We got 1.11 to 1.13 to the £ in crete last week,
Got a shock when eating and drinking out.
Even the easy going Greeks want the drachma back.

Dave P


----------



## Telbell (May 1, 2005)

Dug out twenty Euros-worth of coins which we kept from last year to use on Tolls etc.

Lined them all up and basked in the knowledge that they are worth more than they were last year :lol:


----------



## StAubyns (Jun 4, 2006)

[/quote] :multi: Wine is still much cheaper at supermarkets 

Paul[/quote]

Some wine is no dearer than it was last year. Calais is always higher priced than 100 miles further south anyway.

As an example, a 3 ltr box of JP Chanet red was €6.95ish last year. This year its closer to €14 8O Its cheaper in uk 8O

However there are still cheap and cheerful - a 5ltr box of rose for €5.95, not tried it yet.

12 bottles of Chardonnay at €2.60 per bottle was a good buy 

Whilst we were waiting at the check out a French lady in front of us expressed surprise that we were still shopping in France saying she could understand us being there when the exchange rate was €1.50 but not now


----------



## Rapide561 (Oct 1, 2005)

*Euro*

Hi

The commercial rate is hovering about 1.155 at present, having weakened off a bit. The cash rate should in theory head to the better (for us) tomorrow.

Russell


----------



## ytank (Jan 9, 2008)

hi the last time i went down to the town it was at 1.1056

the price u got it comes back at 1.0909

but i hope it get up a bit more before my hols :lol:


----------



## eddied (May 9, 2005)

Ciao, closed today @ 1.15
saluti,
eddied


----------



## Patrick_Phillips (Aug 17, 2006)

Pusser said:


> Both the pound and euro are gaining on the dollar and I don't really understand why the dollar is going down. Well, I do know why it is going down but as we are in a worse position than the Yanks I cannpt understand why we are not going down to. The Euro is expected to hit 1.40 against the dollar but I am not sure whether this will make any diff to euro - pound rate.
> 
> Bottom line is I am confused too.


The Yanks still haven´t come clean about the size of the mess they are in...
The Brits have been talking the pound down as hard as they can, and we are brilliant at winging, aren´t we?
The Euro has been protected harder than almost any currency but wait until the loans they made aren´t paid back and then you will see some dramatic changes - to our benefit!
I don´t like the present government any better than anyone else but the way we blame Gordon Brown for what the Yanks did to the world, you can´t be surprised that the cash rich countries get nervous about our money.
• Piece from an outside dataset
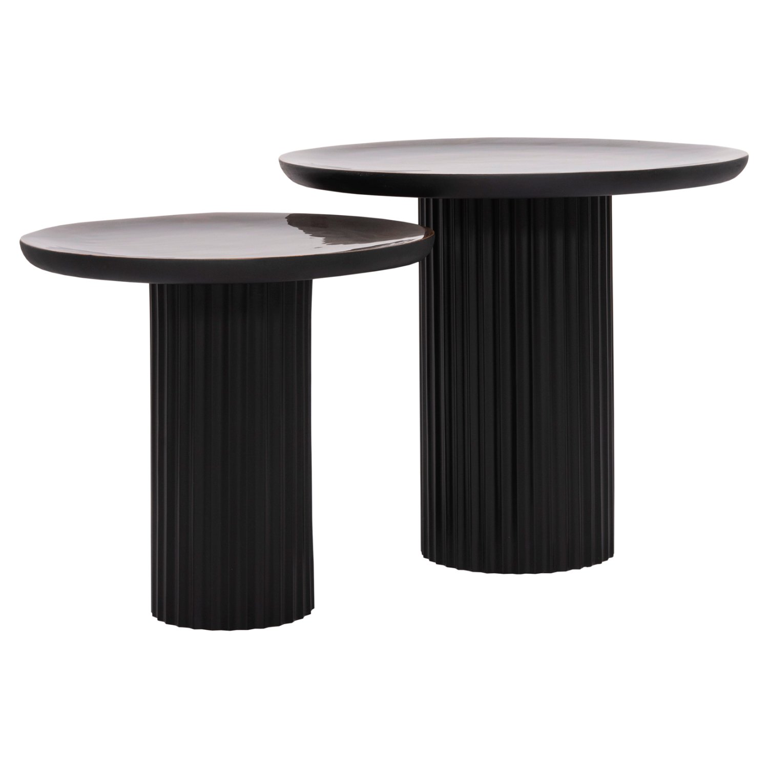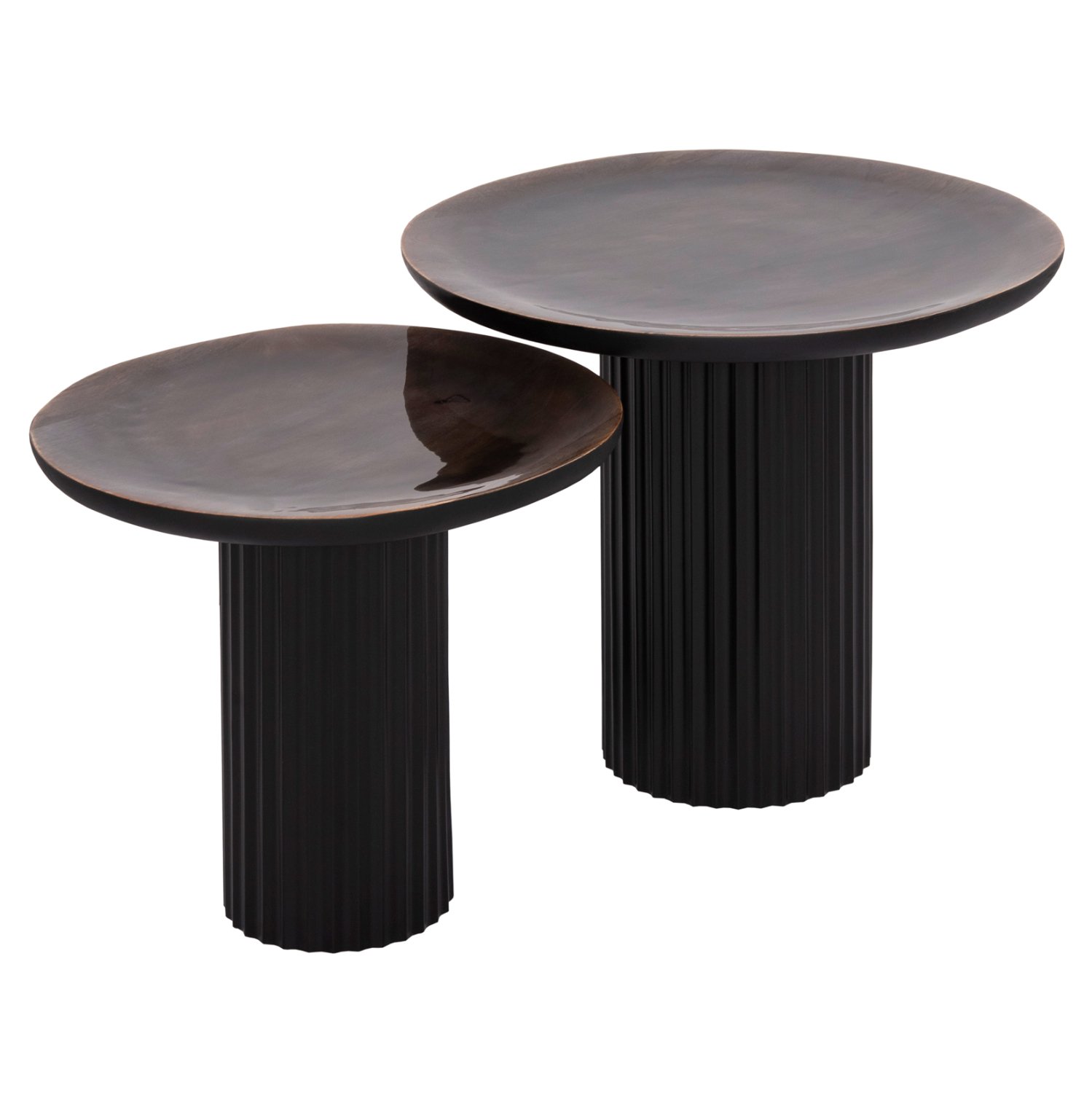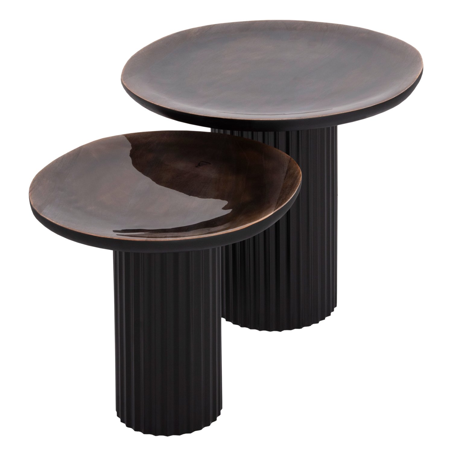 Το ELAF είναι ένα σετ που αποτελείται από 2 τραπέζια σαλονιού με πολύ ιδιαίτερο design αλλά και υλικά κατασκευής. Οι σχεδόν στρογγυλές επιφάνειες είναι από ξύλο mango σε καφέ χρώμα, και σε εμαγιέ ημιδιάφανη υλοποίηση. Οι βάσεις είναι μεταλλικές σε μαύρο χρώμα με πτυχωτό σχέδιο. Τα διαφορετικά ύψη τονίζουν την πρακτικότητα αυτού του σετ που θα καλύψει τις ανάγκες στο σαλόνι σας.
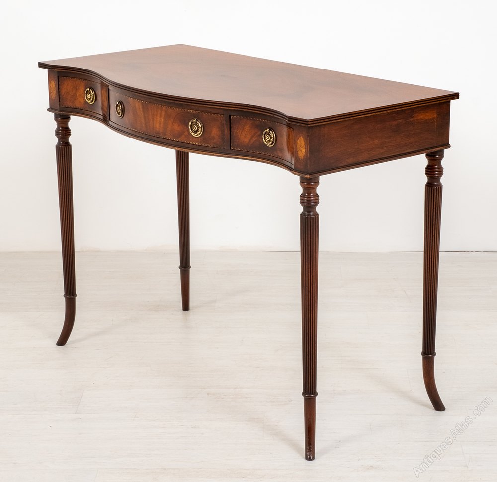 3 drawer mahogany Serpentine Side Table.

We keep telling them we are rubbish    
Patrick


----------



## chapter (May 1, 2005)

we got € 1.07 in holland last week at the post office that was the only place that would change cash
but we got diesel for €0.87
chapter


----------



## ytank (Jan 9, 2008)

the diesel was not a bad price . 


but like i have said before do i wait to the last thing before i go :?:


----------



## chapter (May 1, 2005)

no but the terneuzen tunnel toll is €17.50 each way see here
chapter


----------



## MikeCo (Jan 26, 2008)

£ creeping up and is around 1.15 at the moment, I have read a forecast tonight which suggests that it will be 1.20 to 1.25 by September


----------



## DTPCHEMICALS (Jul 24, 2006)

Yes Mike ,but a long time to wait for your hols.

Dave P


----------



## MikeCo (Jan 26, 2008)

DTPCHEMICALS said:


> Yes Mike ,but a long time to wait for your hols.
> 
> Dave P


Still going on Saturday don't forget, are you still mixing your chemicals


----------



## DTPCHEMICALS (Jul 24, 2006)

Mike you do not ned to jack up mh .
If you turn steering to full lock and spray
in direction of brake pads you should be ok.
Don`t get gravel rash on your back tho`.
After a couple of weeks on hols squeek may disapear.

regards

dave p


----------



## ytank (Jan 9, 2008)

hi chapter 

that was a good link but we do non toll roads as we save a little bit. but the sites on the way are so nice and the diesel is cheaper


----------



## bognormike (May 10, 2005)

MikeCo said:


> £ creeping up and is around 1.15 at the moment, I have read a forecast tonight which suggests that it will be 1.20 to 1.25 by September


yes, keep it coming - we hope to be over the water at the end of August 8) :wink:


----------



## ytank (Jan 9, 2008)

we there form 12/8 to 30/8 we mite c u there


----------



## chapter (May 1, 2005)

hi ytank 
if you are up that way there is a free aire/stopover at sas van gent 
see here
chapter


----------



## ytank (Jan 9, 2008)

that looks like a good stop over but are going the down to brittany with stops on the way and 1 stop on the way back 2 sites booked. just need a good rate for my money now.


----------



## joedenise (Jul 20, 2007)

*Euro v Pound*

1.15 Euros to the Pound is probably the bank rate - would be surprised if you can get that at any bureaux de change. I got 1.1275 today which is the best I've seen recently. We're off to France next Thursday so got a few Euros today - may get some more next week if it goes up a bit more but will use Nationwide debit card once we get there for cash. And Nationwide credit card for shopping, fuel and meals - and pay for it next month (once we've been paid again, LOL!)

Denise


----------



## ytank (Jan 9, 2008)

ok thanks for the posts please keep them coming. i do look at all of them


thanks tank  :lol:


----------



## SidT (May 9, 2005)

we were getting 1.134 last Sunday using the Nationwide debit card at L'Eclerc at Boulogne.

Cheers Sid


----------



## thegreatpan (Oct 29, 2007)

I have just forward ordered with Crown Currency on the web at 1.18 for a mid January trip to find some winter sun.


----------